La société médiévale n’est pas la tapisserie clinquante que notre imaginaire se plaît à composer. Aussi regorge-t-elle d'us et de coutumes mal interprétés. Un dégrisement collectif s'impose, et les universitaires des années à venir auront à prolonger l'effort de leurs prédécesseurs des Annales.
L'un des mythes structuraux du continent médiéval réclame tout particulièrement notre attention: l’amour courtois. C'est au cours du XIIème siècle que son envergure atteint sa pleine intensité. Il s'agit avant tout d'un code de conduite précis, idéalisé, qui concerne à première vue un chevalier et une dame. Indissociable de la poésie et de la musique, il constitue un véritable bouleversement dans l’évolution de la société féodale. Quelle est donc cette conception novatrice des relations amoureuses ? Qui concerne-t-elle réellement?

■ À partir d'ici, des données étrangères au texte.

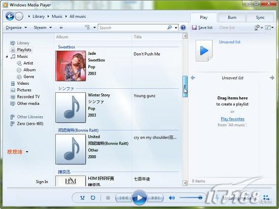 在Windows 7系统中,其自带的Windows Media Player媒体播放器版本为12,Windows Media Player简称WMP,WMP主要是针对常见的媒体格式,比如WMV、MP3、WAV、AVI等媒体文件,同时它还兼顾着流媒体播放的重任,很多视频直播用的就是WMP来观看。 在Windows系统的所有版本中,WMP 12可以堪称功能最强大的了,它能有效的管理你的音乐、视频、图片和录制的电视节目,借助Windows7的媒体库,我们能在家庭网络范围内共享数据,非常的方便。而且WMP12支持高清格式视频的播放,相比以往的WMP支持的视频格式要多很多。当然与其他专业播放器相比,还是有一定差距的。 (点此查看大图)

Des protagonistes inattendus
Dans un traité rédigé vers 1185, André le Chapelain résume ainsi les principes fondamentaux de notre objet d'étude : « L’amour courtois n’a aucune place entre mari et femme (…) Il doit être libre, mutuel, secret et noble »

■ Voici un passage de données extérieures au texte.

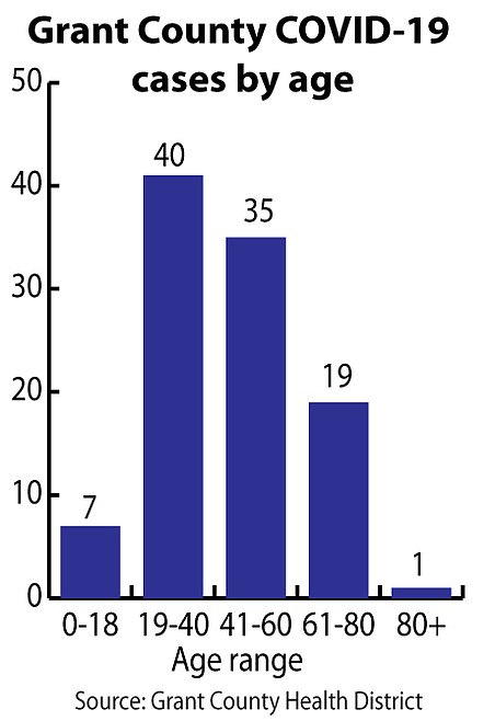 GRANT COUNTY - There are 101 confirmed cases of the novel coronavirus in Grant County as of Thursday evening, with two new cases reported in Moses Lake and one each in the Quincy and Mattawa areas, according to the Grant County Health District.

Le décor est planté. Liberté, réciprocité, sont les maîtres-mots de l’amour courtois. Et stupeur, les époux en sont excluent. Aussi piquant qu’inattendu. Aussi, seule la noblesse peut réellement prétendre embrasser cette nouvelle religion de l’amour.
A cette époque, dans les classes sociales les plus élevées, le mariage est une union scellée en fonction d’intérêts. C’est en réalité le moyen privilégié d’accroître une domination territoriale, de mettre fin à une guerre, ou encore de consolider une lignée. Avec lui, il n’est donc pas question d’amour véritable, au sens moderne du terme.
François Icher, historien du compagnonnage, explicite les conséquences de cette particularité :
En ce sens, le mariage ne répond que très rarement à une inclination réciproque entre deux amoureux (…) L’amour courtois répond quelque part à cette absence d’amour spontané entre les deux époux »
Le protagoniste masculin est un jeune homme, sans épouse légitime. La "dame", elle, est une femme mariée, par conséquent inaccessible.
C’est donc un amour ontologiquement voué à l’échec. Un espoir de conquête tué dans l’œuf... Mais d’où vont surgir un torrent de romantisme audacieux, des prouesses censées amener à une harmonie sociétale. Et ce en dépit de la soumission et des humiliations auxquelles le jeune chevalier doit faire face.
Cependant, loin d’être un amour platonique, l'amour courtois incarne une véritable formation existentielle, une sorte de rite de passage, un trait anthropologique fort.
Du jeu éducatif à la vassalité
Appelé également fine amour, cette conception romantique de l’amour est de fait un rite initiatique. L’école de la vie pour de nombreux nobles. En effet, à travers ce jeu, ils apprennent à réprimer leurs pulsions. A se contenir. Ils entament une quête obstinée ayant pour objectif la tranquillité absolue et la maîtrise de soi. Une quiétude recherchée par tous les moyens. Sans pour autant oublier que cela reste une compétition.
Un concours dans lequel il s'agit de gagner les faveurs de la dame; plusieurs élèves chevaliers peuvent simultanément courtiser l’épouse d’un même suzerain. Aussi celle-ci préside aux rivalités permanentes. Son devoir est d’apprécier avec sagesse les vertus de chacun.
Le véritable enjeu est cependant ailleurs: au-delà de l’amour manifesté à leur dame, les initiés cherchent en réalité à courtiser leur prince.
Georges Duby détaille :
La dame couronnait le meilleur. Le meilleur était celui qui l’avait mieux servie. L’amour courtois apprenait à servir, et servir était le devoir du bon vassal (…) Servant son épouse, c’était l’amour du prince que les jeunes voulaient gagner, s’appliquant, se pliant, se courbant. De même qu’elles étayaient la morale du mariage, les règles de la fine amour venaient renforcer les règles de la morale vassalique ».
De la vassalité a l’amitié
Cette socialisation en haut de l’échelle sociale comprend aussi une autre dimension. Peu connue, mais tout aussi fascinante.
Georges Duby nous éclaire encore sur ce point:
Les jeux de la fine amour enseignaient en vérité l’amistat, comme disaient les troubadours, l’amitié, l’amicitia selon Cicéron, promue, avec toutes les valeurs du stoïcisme, par la Renaissance, par ce retour à l’humanisme classique dont le XIIème siècle fut le temps »
Si l’amour courtois reste la chasse gardée de l’aristocratie, il n’en reste pas moins un art à part entière. Allant de pair avec la poésie, la littérature, et même la musique.